Zwar liegt die Gesetzgebungskompetenz für das Bauprivileg der Landwirte beim Bundestag, aber eine rot-grüne Landesregierung will Stallbauinvestitionen nicht länger fördern und könnte die zunehmend genervten Kreistage auch sonst kräftig unterstützen, um den Bau immer neuer Ställe und Schlachthöfe zu bremsen. Birgit Honé, nicht eben eine Agrarspezialistin, aber erfahrene Verwaltungsjuristin und von der SPD für das Agrarressort nominiert, will klare Grenzen ziehen: "Angesichts grausamer Quälereien und nicht akzeptabler Zustände in der Nutztierhaltung braucht Intensivtierhaltung klare Regeln." Und die Grünen werden nach einem Wahlsieg den Bauern die Daumenschrauben beim Ausbringen der Gülle anlegen, die durch Massentierhaltung fast zwangsläufig auf dem Weg über die Äcker die Nitratbelastung des Trinkwassers gefährlich steigen lässt. Auch beim Verfüttern von Antibiotika werden sie den Bauern genauer auf die Finger schauen wollen. Es sind nicht nur die Tierschutzskandale der vergangenen Jahre, die SPD und Grüne beflügeln. So erfolgreich die Agrarwirtschaft auch ist, das Höfesterben geht weiter und damit der Einfluss der Bauern an der Wahlurne. Nicht die klassische Umweltpolitik mit der Ausweisung von Naturschutzgebieten, sondern die künftige Agrarpolitik entscheidet über den Stellenwert von Naturschutz.

So wie im Fall eines Regierungswechsels Bundeslandwirtschaftsministerin Ilse Aigner (CSU) der zuverlässige Partner Niedersachsen verloren geht, würde es auch Bundesumweltminister Altmaier treffen. Im Gegensatz zur Bundesebene lehnt SPD-Spitzenkandidat Stephan Weil die angepeilte ergebnisoffene neue Standortsuche für den hochradioaktiven Müll unter Einbeziehung des Salzstocks Gorleben strikt ab. Weil hat sich dabei offen gegen den SPD-Vorsitzenden Sigmar Gabriel gestellt, und auch der Grünen-Fraktionschef Stefan Wenzel hat demonstrative Bauchschmerzen signalisiert. Daran kann das komplette Konsensmodell scheitern, denn ein Niedersachsen-Nein zur Einbeziehung von Gorleben in die neue Suche gäbe allen Bundesländern einen Vorwand, sich ebenfalls zu verweigern.

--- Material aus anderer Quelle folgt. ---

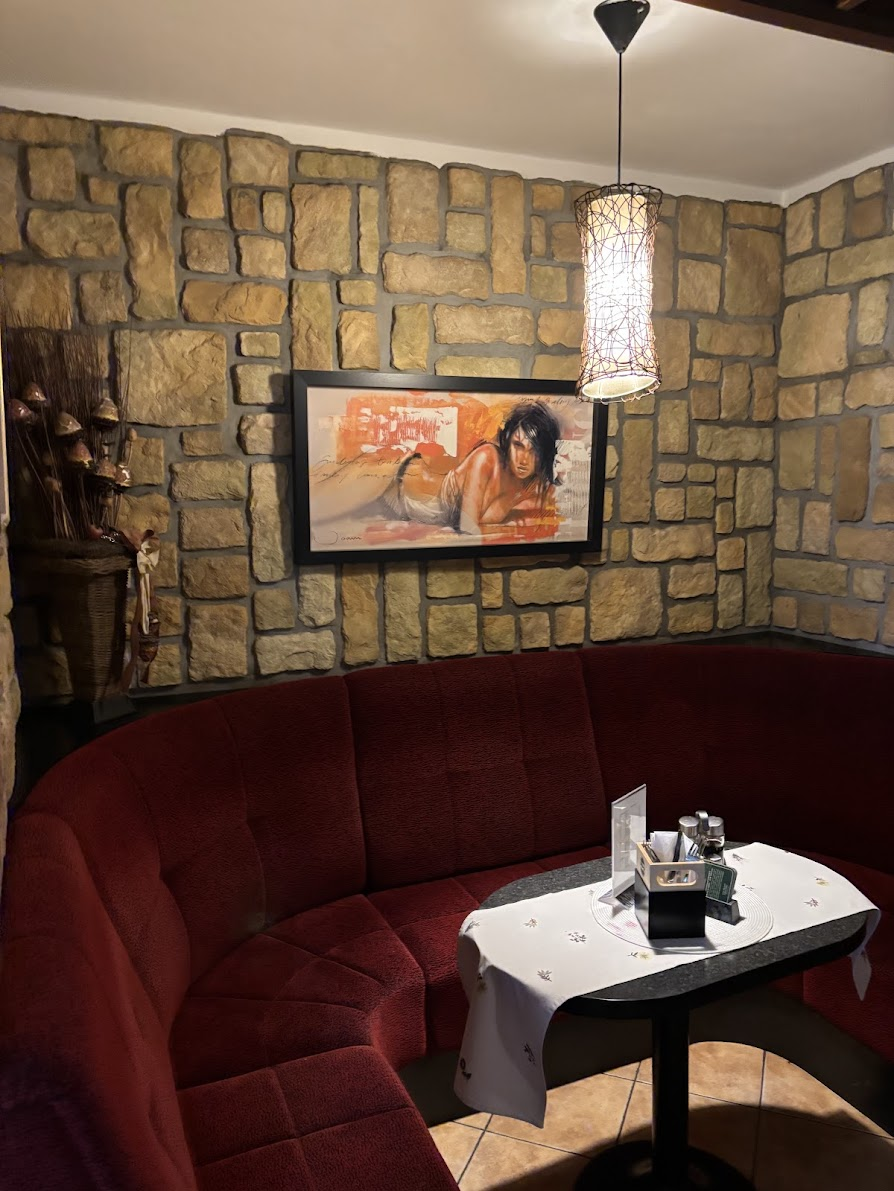 Vnitřek restaurace působí čistě, ale kombinace výzdoby z čínského tržiště a dekorací z devadesátkového nevěstince či striptýzového baru vysílá smíšené signály a člověk přemýšlí, co vše se tady za ta léta muselo dít.

Zehn Jahre lang haben in Hannover die beiden Liberalen Hans-Heinrich Sander und - seit Anfang 2012 - Stefan Birkner als Umweltminister alle Entscheidungen der Bundesebene in der Atompolitik mitgetragen. Eine auf Krawall gebürstete neue rot-grüne Koalition aber könnte sich nicht nur bei Gorleben querstellen, sondern auch bei den anstehenden Entscheidungen für das marode Endlager Asse und das im Bau befindliche Endlager Schacht Konrad für schwach- und mittelaktiven Müll Sand ins Getriebe streuen.